3G Cell Coverage in USA - AT&T Versus Verizon Wireless - MacRumors Forums


----------



## chas_m (Dec 2, 2007)

Two things I think others may have overlooked in their answers:

1. As I understand it (talking to cell store here in Victoria), it is NOT POSSIBLE to get a micro-sim and data from ANY of the Canadian carriers without signing a contract, PERIOD. So forget the idea of using Rogers or Telus where it might suit you -- you're sticking with Bell all the way. If I've gotten bad info about this, someone please do correct me.

2. All 3G iPads are factory unlocked. What this means from a practical point of view is that you are free to use the iPad in the US provided you can buy a micro-sim and a month's "unlimited" data plan ($30) from an AT&T outlet (do NOT go to "franchise" store, only use a "corporate" store or an Apple store!). It's a real shame no Canadian carrier is smart enough to offer PAYGO 3G data for iPads, I would most certainly be a customer.


----------



## csonni (Feb 8, 2001)

This is a response I just received from Rogers:

Presently the micro sim cards either come with the iPad device or you 
can purchase one from a Rogers store. 

We will include the link to where you can find the nearest store that 
may carry them.


----------



## Guest (May 10, 2011)

chas_m said:


> 1. As I understand it (talking to cell store here in Victoria), it is NOT POSSIBLE to get a micro-sim and data from ANY of the Canadian carriers without signing a contract, PERIOD. So forget the idea of using Rogers or Telus where it might suit you -- you're sticking with Bell all the way. If I've gotten bad info about this, someone please do correct me.


Not true. My Rogers sim cost me $0.20 from the Apple store and required no contract at all. I'm sure you can get the sims from Bell and Telus in the same manner. That said you're still going to have to buy a month's service at a time from whatever provider you buy from and I'm not sure it would be possible to swap out the sim's and switch back and forth between providers within that same month or not.


----------



## csonni (Feb 8, 2001)

These providers must realize that there are people who travel for a month or more. Can't figure why you couldn't swap out cards.


----------



## Paul82 (Sep 19, 2007)

You can swap out cards as much as you like ther service is linked to the sim card not the device and all 3 Canadian provides do monthly plans... That said for travel within Canada you should not need more than one provider as they all have nation wide networks... This will depend how off the beaten path you plan to get though, as mentioned it's always a good idea to check the coverage maps for where you plan to be... In my own personal experience telus/bell (same 3G network) have by far the best coverage in western Canada while Rogers is marginally better in Ontario.


----------



## Guest (May 10, 2011)

When you swap a card the settings change in your iPad. My concern would be that when you put that card back in that you'd a) have to set it up again (unless it's going to keep a full set of prefs for every card you put in) and b) whether or not the previously setup subscription plan would still work.
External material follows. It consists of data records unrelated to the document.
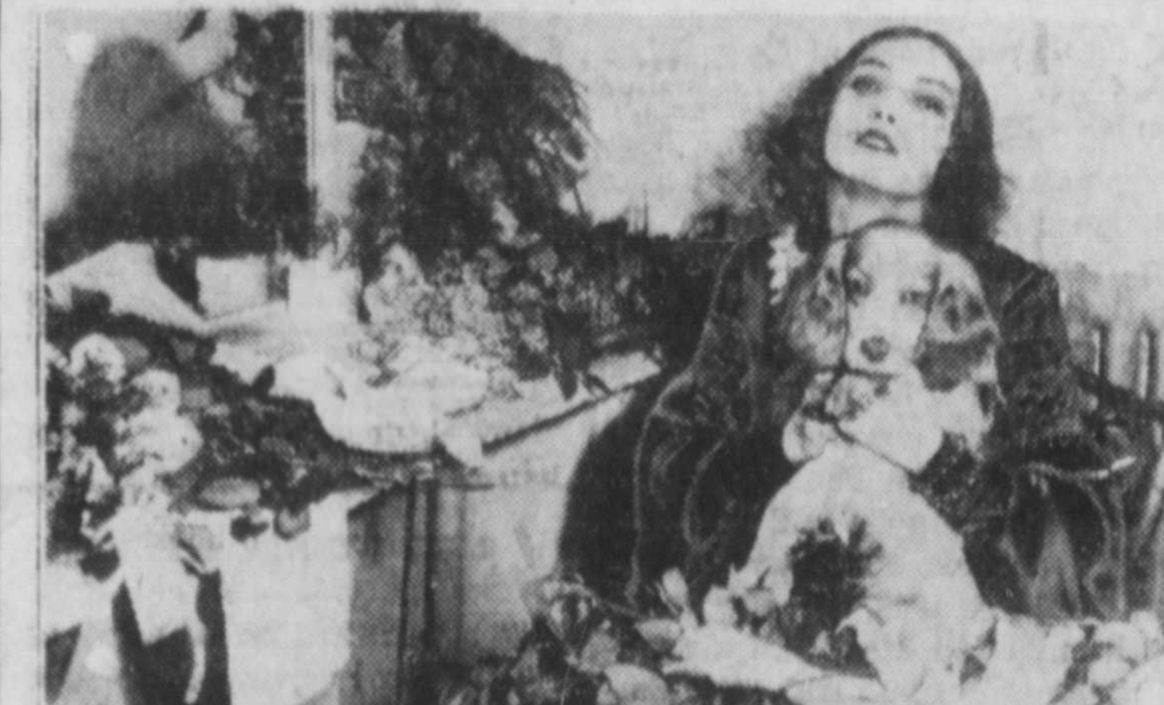
Katherine Cornell, noted actress, after she had scored a success in American premier of "The Barrets of Wimpole Street," at Cleveland, recently.

LONDON, Feb. 27.—Like a bad little boy returning home, Sinclair Lewis, American author, is here on his way back to the United States. In an interview yesterday he admitted: "I am curious to discover if they are angry at what I said in Stockholm."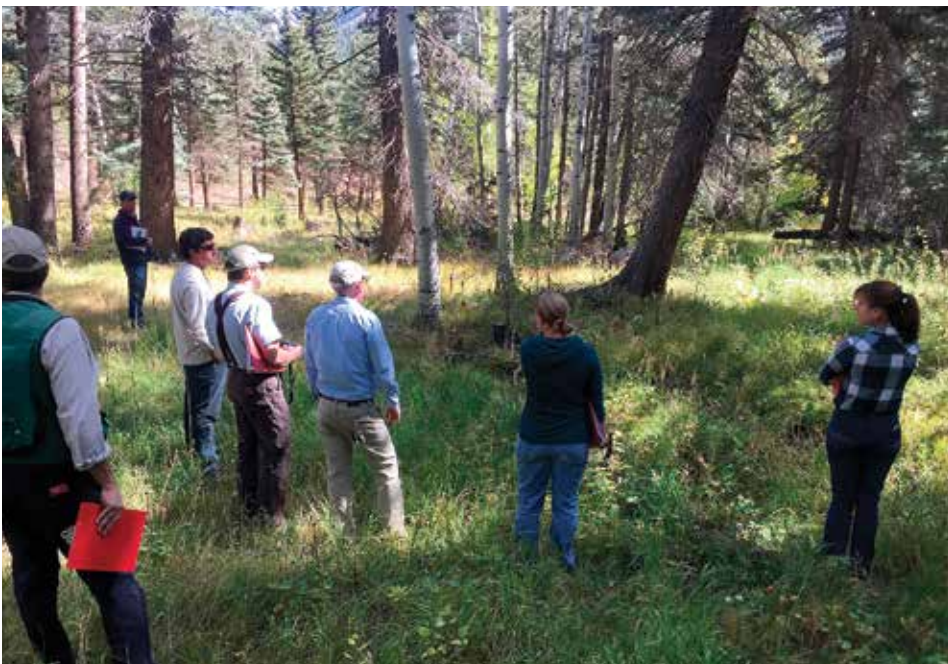
Figure 4: The monitoring team works on reaching consensus on BMP application and effectiveness ratings.

and the CTIA Executive Committee and local CTIA membership list. One private site was eliminated prior to the monitoring site visits due to a lack of surface water. This was used as a “practice” site for the monitoring team’s new members. Another nearby, recently harvested site on private land (site #1) was selected as a replacement before the first day of the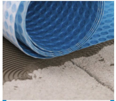
Laying of Mapeguard UM 35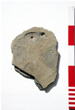
07. Abermagwr Slate ABR11 082 - E 4.jpg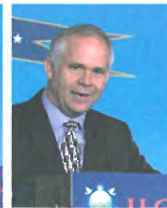
Tim Huelskamp (R-Kansas), U.S. Congressman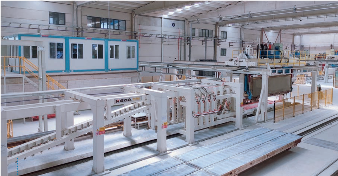
The cutting system runs fully automatically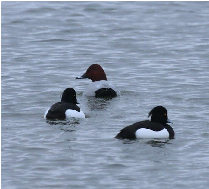
Pochard & Tufted Ducks at Nickolls Quarry (Brian Harper)

It is genuinely rare elsewhere, with just 43 records over the 31 years since 1990. Coastal records have usually been associated with cold weather and have included counts of 20 flying west past Copt Point on the 3 rd January 1997, 30 flying west past Hythe on the 2 nd December 2010 and 12 flying east there the next day.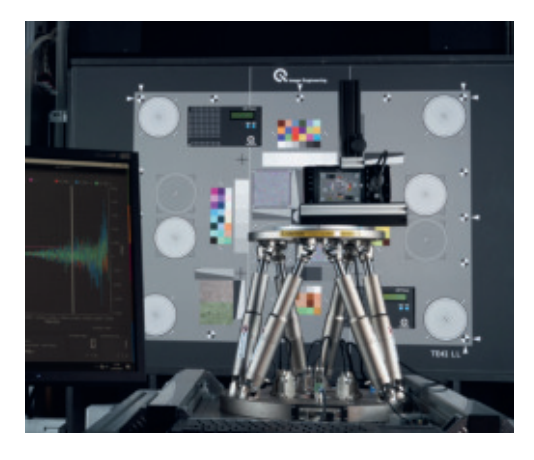
OIS test with the STEVE 6DL and the TE42-LL-Timing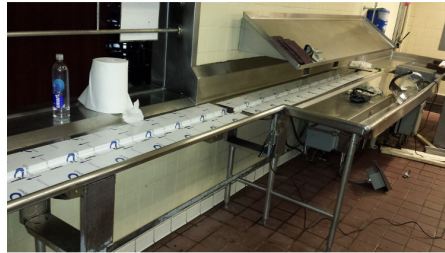
ADDING NEW BED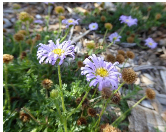
Calotis glandulosa , Mauve burr-daisy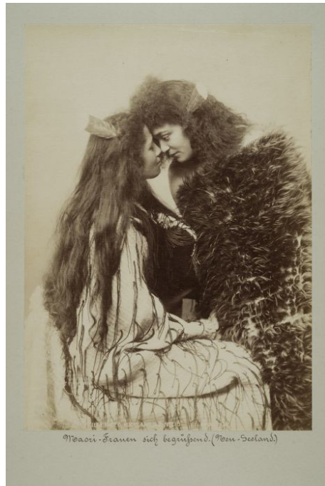
7 Arthur James Iles, Two women, greeting each other (hongi) . Übersee-Museum, Bremen, photo collection, inv. no. P11360 (© Übersee-Museum, Bremen) 44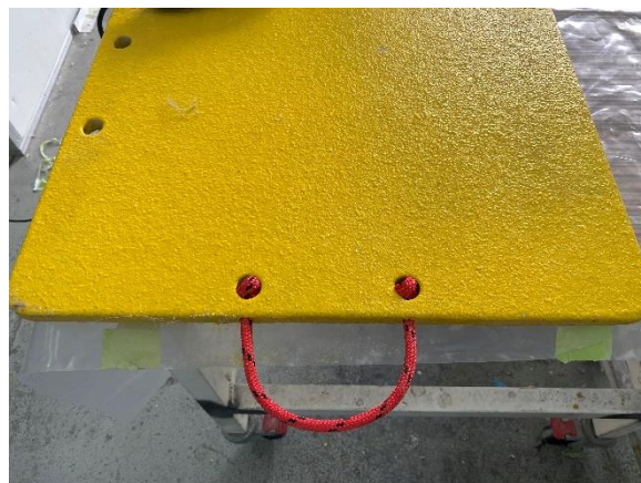
Figure 5 – Completed handle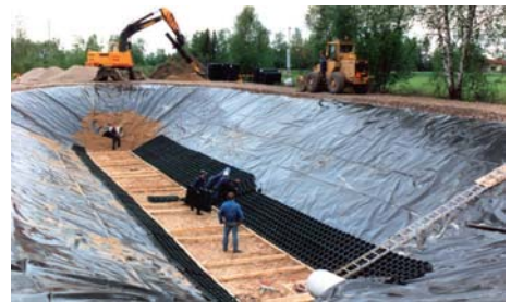
Left SUDS Lining Devon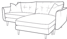
Large Chaise Sofa (interchangeable left/right hand facing) H87 x W215 x D152cm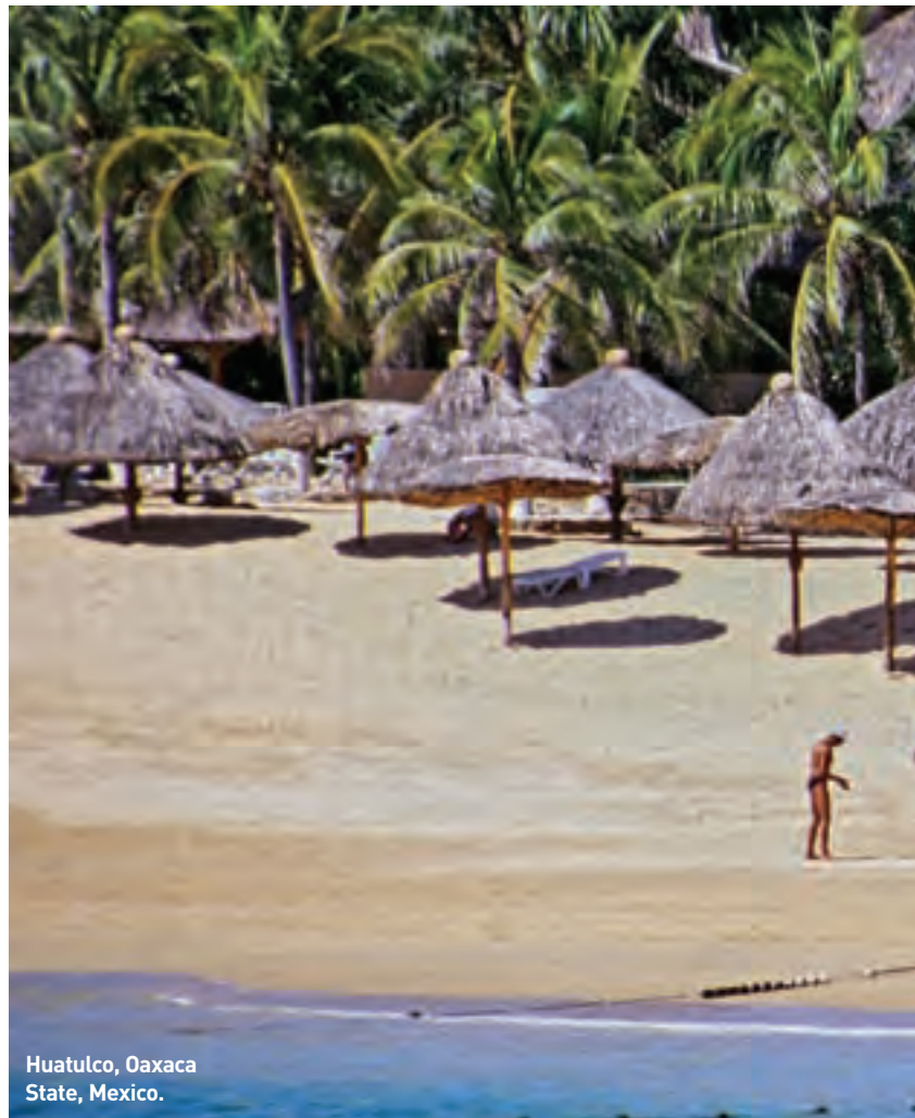
Huatulco, Oaxaca State, Mexico.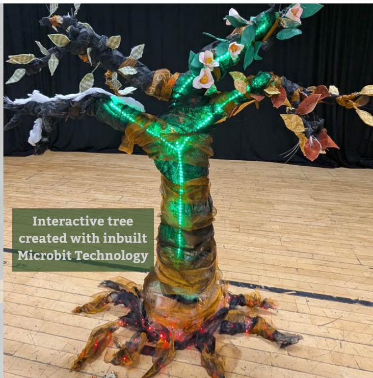
Interactive tree created with inbuilt Microbit Technology

What do you see when you look at a tree?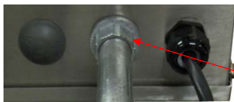
Bottom View of SC 370X Enclosure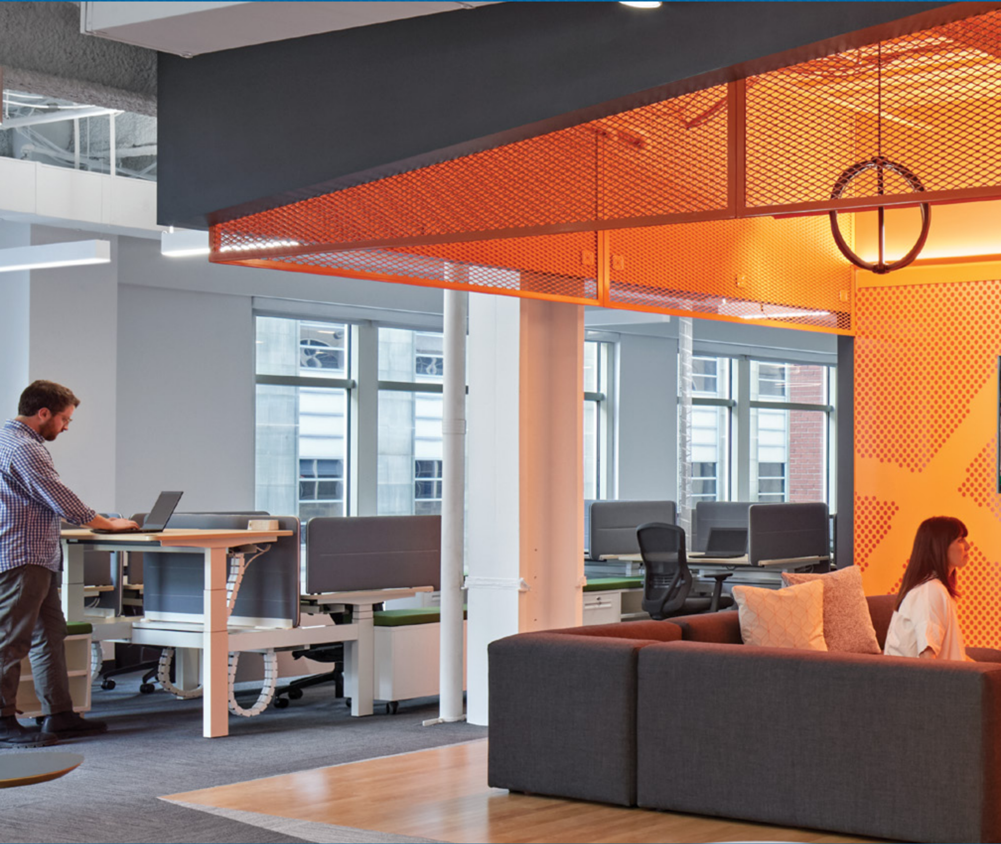
DraftKings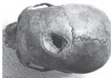
Fig. 1.2. Trepanning: an ancient human skull viewed from above. Note the large hole

Cave paintings and symbolic artefacts found by archaeologists suggest the earliest humans believed in spirits and supernatural forces. One form of primitive surgery seems quite shocking. Ancient skulls have been found with a hole bored into them. This appears to have been a deliberate operation and carried out whilst the person was still alive. We can only speculate as to the reason for this operation, called trepanning, but it may have been to allow the evil spirits to leave a sick person.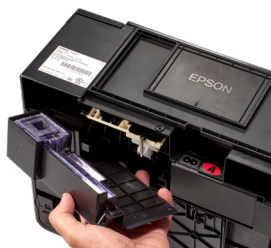
6 Remove screw and slide ink pad tray to right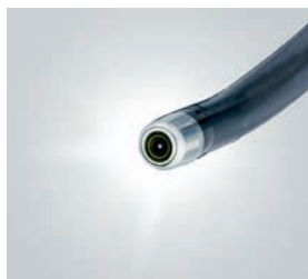
Outstanding optical quality for brilliant image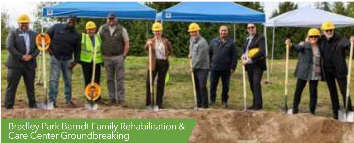
Bradley Park Barndt Family Rehabilitation & Care Center Groundbreaking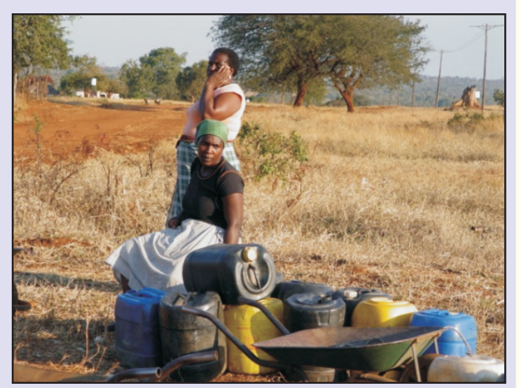
Water headache! "Water, water and water everywhere, but not even a drop to drink"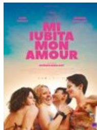
Mi iubita mon amour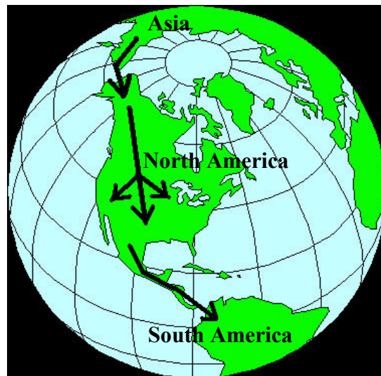
How people moved from Asia to America

Tawantinsuyu was the last of a series of Native American civilizations that existed in the modern country of Peru.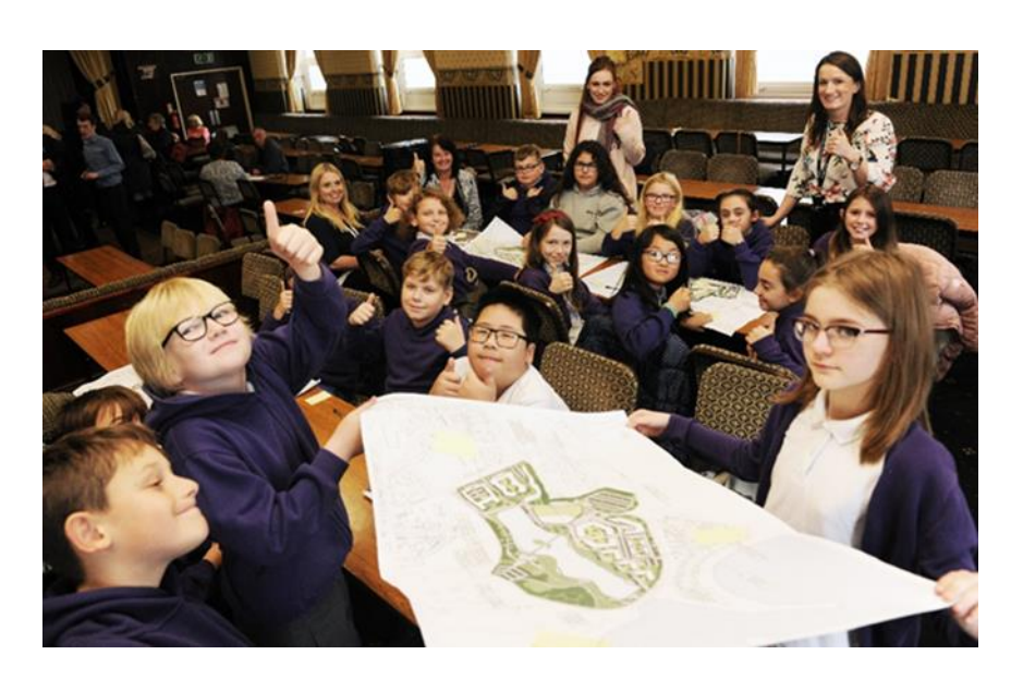
Figure 2: Transforming Tyisha project

Lastly, it doesn't make a lot of sense to buy multiple data packages from different providers at the same time .. find the one that gives you the best coverage and buy from them.


----------



## csonni (Feb 8, 2001)

Bell should suit me fine for Canada. It'll have to be AT&T in the States. So Bell and Telus are the same 3G network?


----------



## cdncableguy (Nov 4, 2007)

csonni said:


> Bell should suit me fine for Canada. It'll have to be AT&T in the States. So Bell and Telus are the same 3G network?


Yes, They share towers


----------



## corykg (Feb 1, 2008)

Is it possible to just use my iPhone4 sim in an ipad 2?


----------



## csonni (Feb 8, 2001)

From what I understand, you can tether your iPad to your iPhone.


----------